The ice this weekend was probably less then an 1/8 of an inch. Its not much but my dog had problems braking though in a few spots. Was down tward the southern part of the state and hit some ice in one spot over very little water that could hold my weight. Some areas that are shelterd, deep, or high in alkalinity are still open. Many stock ponds and such are open but your small pot holes that duckes like to use in a wind are all froze. Same thing goes when you get down by the Gackle area. Some of the bigger bodies of water had some ice on the edges. With the warm conditions on sunday some of it may have opened but for the small pots I'm saying they wont open again till spring...not unless we get a good run of 50 degrees and then a bit of wind to break it up.


----------



## jhegg (May 29, 2004)

It is supposed to get down to 19 tonite - that is a serious freeze!


----------



## octnov (Aug 21, 2004)

We arrived on Sunday the 8th and experienced the worst hunting ever in 5 years in North Dakota. Easily 75% of the potholes of 2 years ago are totally dry. What was left had about 30 yards of mud to the water. The biggest surprise was the fact that again 75% of the open land of two years ago was now posted. We checked the postings and found no hunting allowed. Ice was a small problem but actually hardened up the mud a little for us.
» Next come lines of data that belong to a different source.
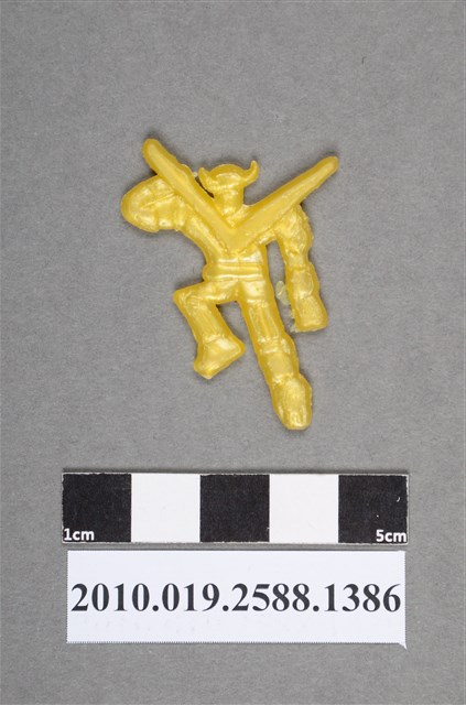 1.本物件為卡通聖戰士(百獸王)之聖戰士尪仔仙。硬質塑膠材質,扁平,單一不透明黃色,雙面浮雕圖案。正面圖案為機器人型,背後有個V字型,手和腳部可見獅頭造型,左手彎起,右手垂放,左腳彎起,右腳伸直。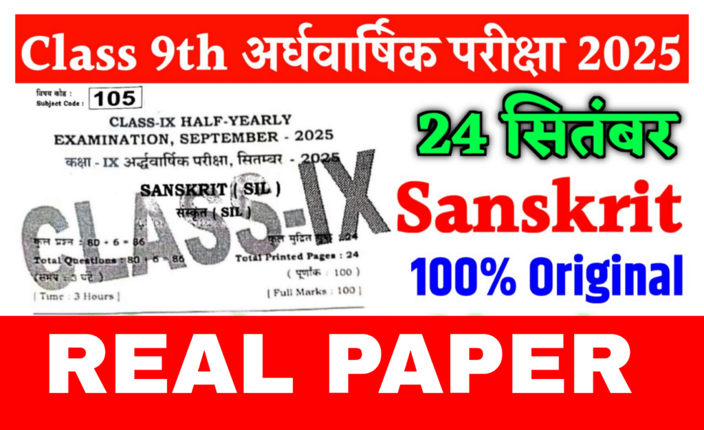 24 September Bihar Board Class 9th Sanskrit Half Yearly Exam Viral Question Paper 2025 24 September Bihar Board Class 9th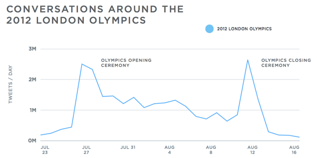 Wanneer we kijken naar de Olympische Spelen van 2012 ten opzichte van 2016 kunnen we een explosieve groei verwachten. In totaal werden er meer dan 150 miljoen Tweets gestuurd tijdens de Spelen van London. Alleen al tijdens de openingsceremonie waren er 9,66 miljoen verstuurde Tweets. Alleen het woord “gold” werd al in meer dan 9,86 miljoen Tweets genoemd. Het is dan ook niet verwonderlijk dat twee jaar later tijdens de Winterspelen 97 procent van alle Nederlandse Olympiërs actief was op Twitter. In datzelfde jaar, tijdens het WK in Rio, werd de kracht van Twitter en live sport extra duidelijk met meer dan 672 miljoen verstuurde Tweets.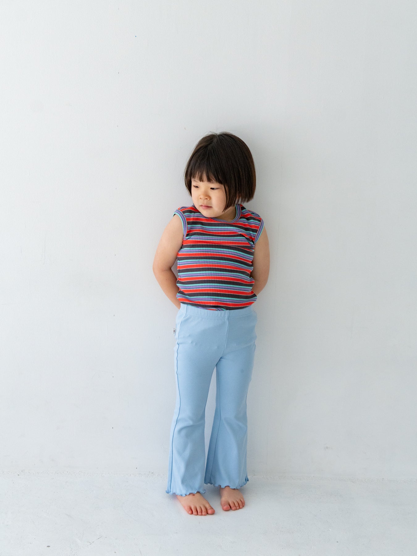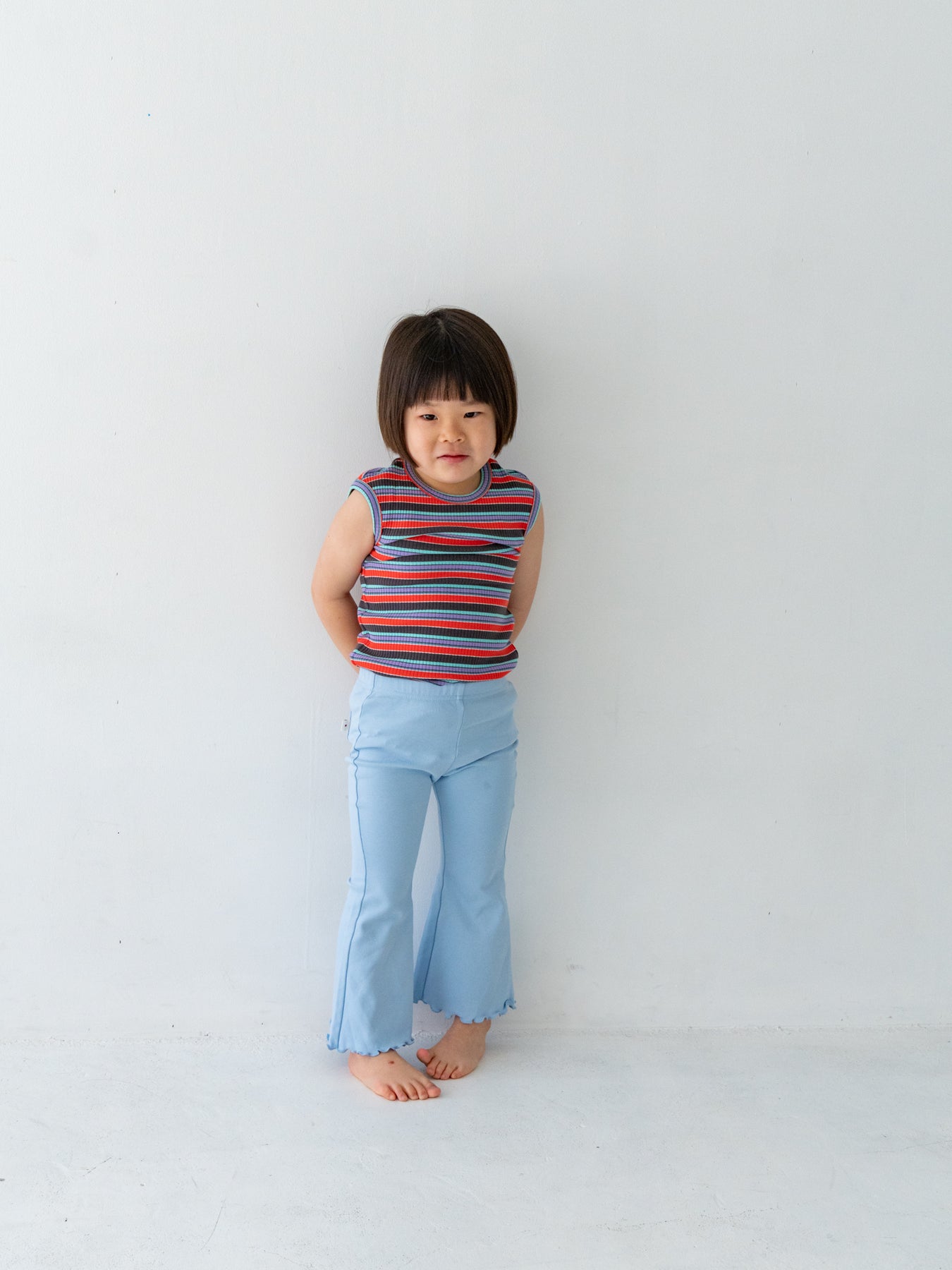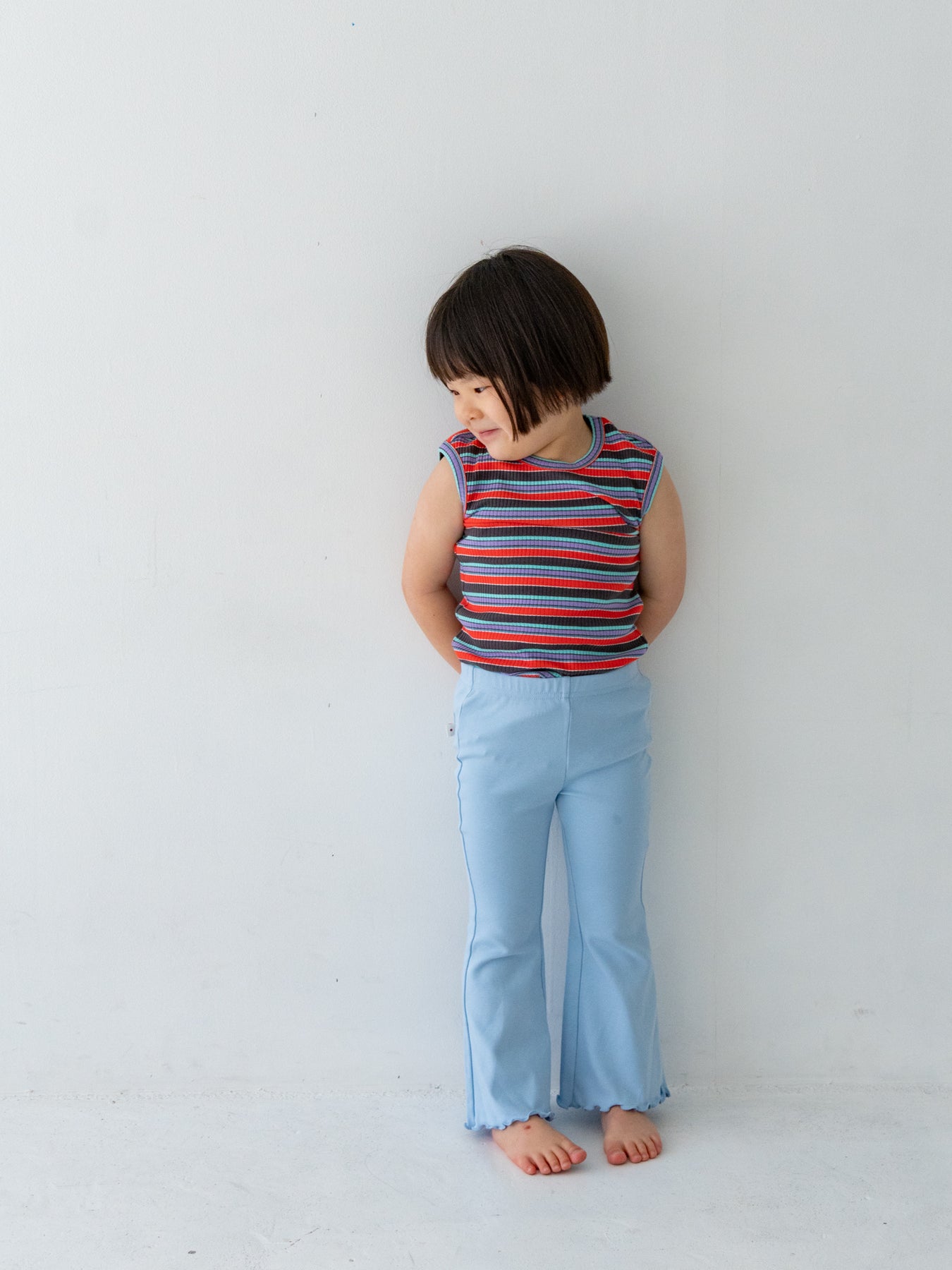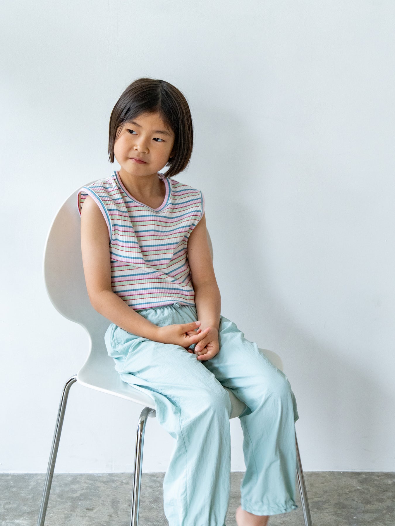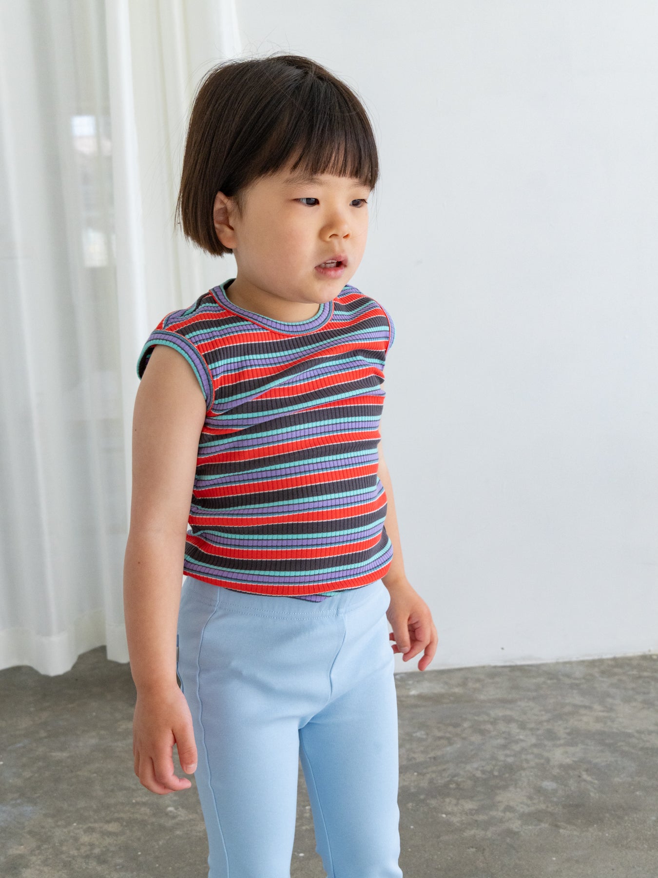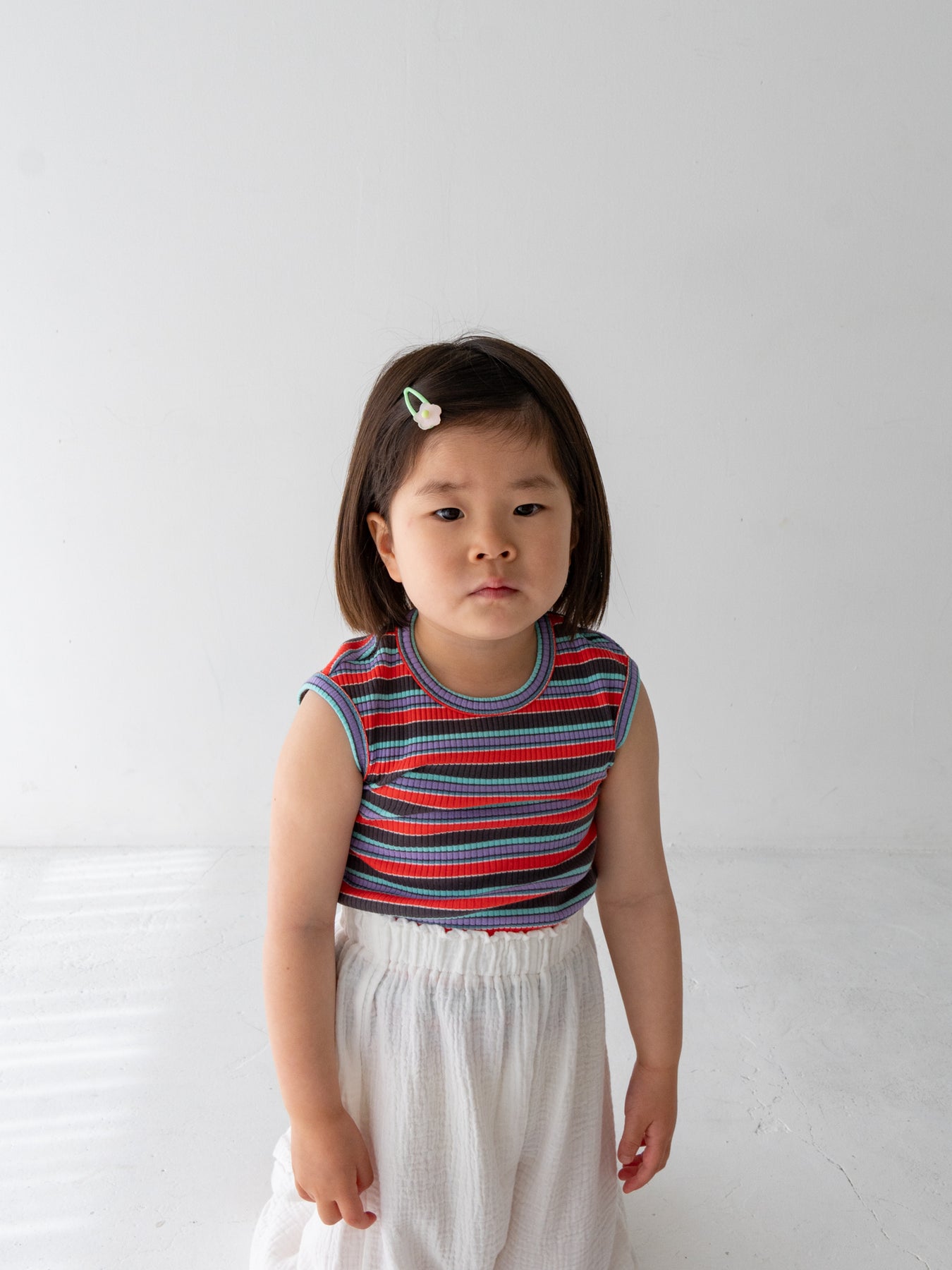 明るくポップな配色が目を引く、マルチストライプ柄のノースリーブトップス。夏らしい軽やかなデザインで、コーディネートの主役になる一枚です。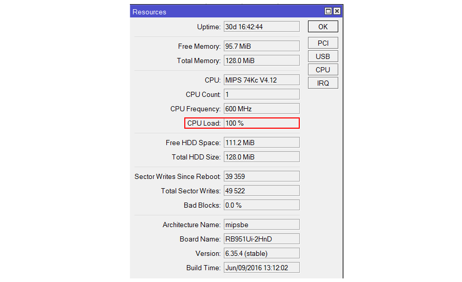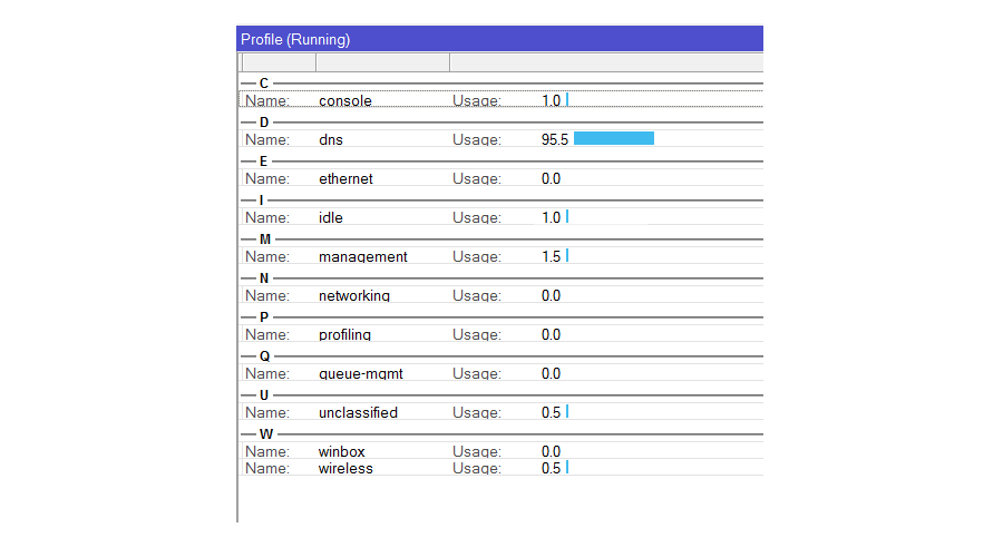 Сетевое оборудование вендора Mikrotik является весьма любопытным и привлекательным продуктом в сегменте SOHO (Small office/home office). Соотношение цены, качества, функционала и стабильности обеспечивает все большее распространение небольших белых коробочек в офисах небольших компаний. Но спустя какое-то время беззаботного пользования, пользователи начинают жаловаться. Администратор, открыв Winbox, переходит в раздел System → Resources и видит, что загрузка процессора 100%: Не стоит волноваться. У нас есть решение. Все настройки и «траблшутинг» будем осуществлять с помощью Winbox. НАСТРОЙКА FIREWALL В MIKROTIK Первым делом давайте проверим службу, которая больше всего «отъедает» ресурсов процессор. Для этого, перейдем в раздел Tools → Profile: Как видно из скриншота, львиную долю ресурсов нашего процессора занимает служба DNS. Давайте посмотрим, что происходит на уровне обмена пакетами на основном интерфейс ether1. Для этого воспользуемся утилитой Tools → Torch: Мы видим большое колич
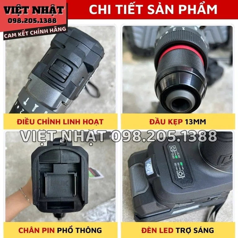 – 3 chế độ: Khoan – Khoan búa – Vặn vít – Xử lý linh hoạt mọi công việc từ gia đình đến công trình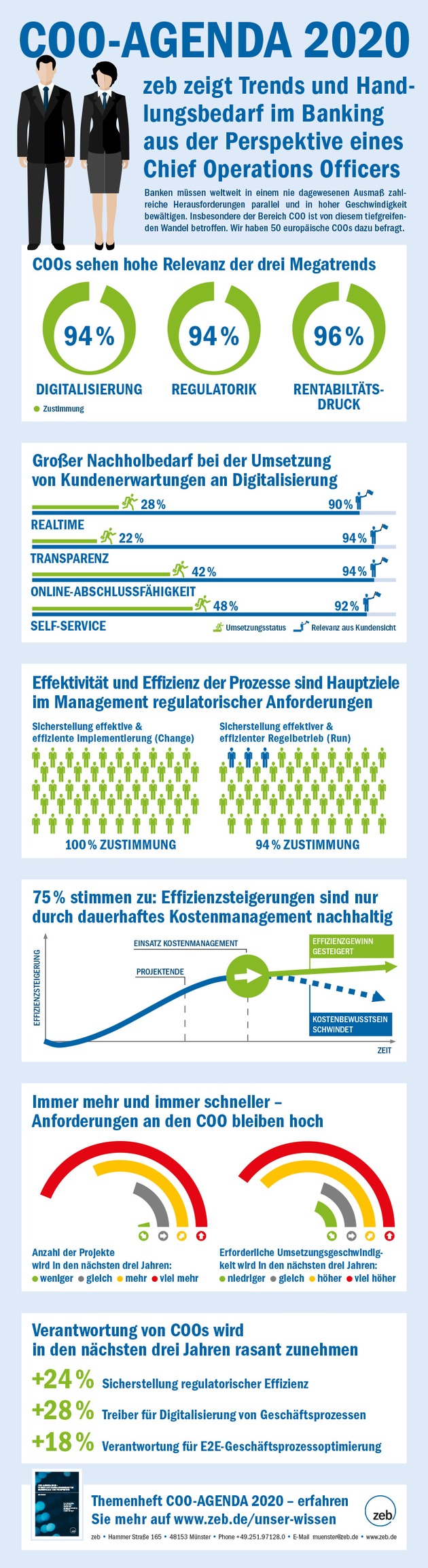 Verstärkt wird der Druck auf den COO-Bereich durch ein Phänomen, das nicht nur die Bankenlandschaft betrifft. Über 90 % der befragten COOs gaben an, dass die Anzahl der Initiativen bzw. Projekte für die sie Verantwortung tragen, in den letzten drei Jahren gestiegen ist. 60 % der Befragten spürten sogar einen deutlichen Anstieg. Mehr als drei Viertel sind der Auffassung, dass die Anzahl in den kommenden drei Jahren sogar noch weiter steigen wird. Hinzu kommt die zunehmende Geschwindigkeit, mit der Initiativen umgesetzt werden müssen. Während etwa drei viertel der Studienteilnehmer angaben, dass die erforderliche Umsetzungsgeschwindigkeit in den letzten drei Jahren gestiegen ist, erwarten nahezu 80 % eine nochmalige Beschleunigung in der Zukunft. "Die Situation - 'immer mehr und immer schneller' - stellt den COO-Bereich, wie auch die übrigen CxO-Bereiche vor enorme Herausforderungen", so Michael Herkert, Partner bei zeb und Autor der Studie. "Zu bewältigen ist sie nur gemeinsam, d. h. ressort- bzw. siloübergreifend. Dem COO-Bereich kommt dabei als Gestalter des Operating Model eine zentrale Rolle bei Koordination und Umsetzung zu."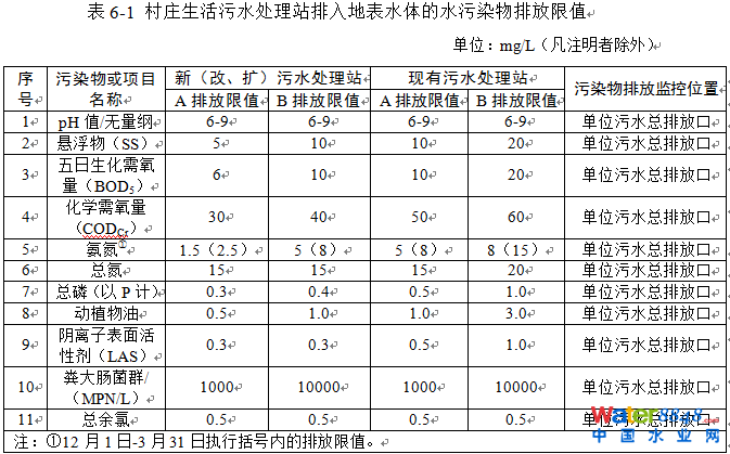 4.1新(改、擴(kuò))建農(nóng)村生活污水處理設(shè)施水污染物排放控制要求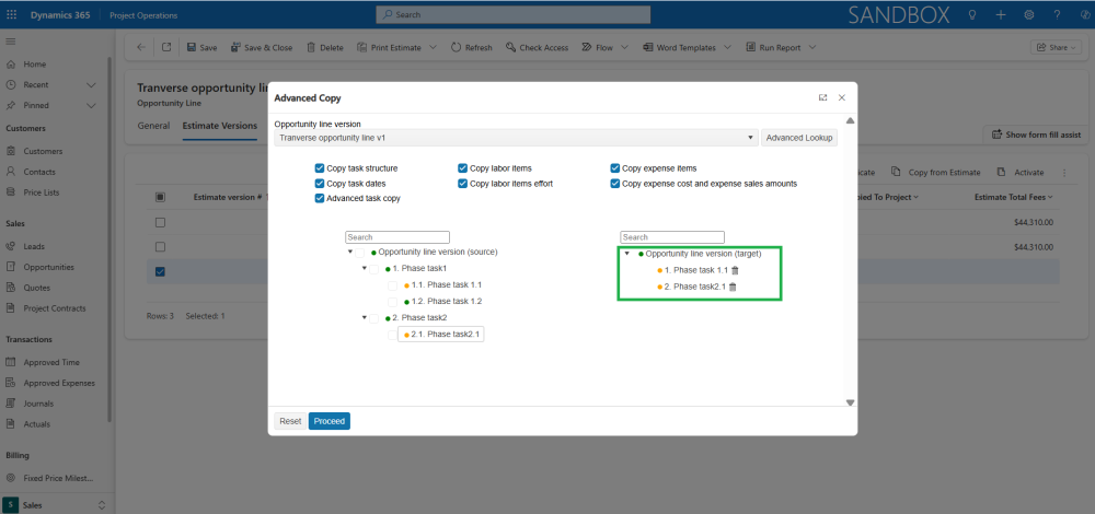 - Copies the complete task structure along with all associated Unit Estimates linked to the selected Estimate Version.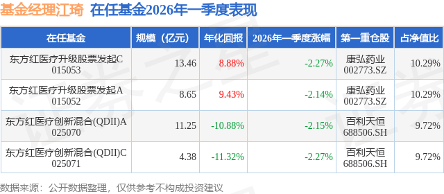 证券之星消息,日前东方红医疗升级股票发起A基金公布一季报,2026年一季度最新规模8.65亿元,季度净值涨幅为-2.14%。

Some snow on Wednesday and spit snow on Thursday. Birds were few and were very scattered. Saw a load of mallards in a field but of course it was posted with no hunting. We left on Friday and gave up the remaining two days we had up there. Of course I'll come back, but not until mother nature does her work and fills up many potholes. We plan to keep in touch with a frmer friend and judge water by what he tells us about his potholes. A real disappointing trip this time, but that is why it is called hunting not killing. Still had a good time and great people live there.


----------



## R y a n (Apr 4, 2005)

octnov said:


> We arrived on Sunday the 8th and experienced the worst hunting ever in 5 years in North Dakota. Easily 75% of the potholes of 2 years ago are totally dry. What was left had about 30 yards of mud to the water. The biggest surprise was the fact that again 75% of the open land of two years ago was now posted. We checked the postings and found no hunting allowed. Ice was a small problem but actually hardened up the mud a little for us. Some snow on Wednesday and spit snow on Thursday. Birds were few and were very scattered. Saw a load of mallards in a field but of course it was posted with no hunting. We left on Friday and gave up the remaining two days we had up there. Of course I'll come back, but not until mother nature does her work and fills up many potholes. We plan to keep in touch with a frmer friend and judge water by what he tells us about his potholes. A real disappointing trip this time, but that is why it is called hunting not killing. Still had a good time and great people live there.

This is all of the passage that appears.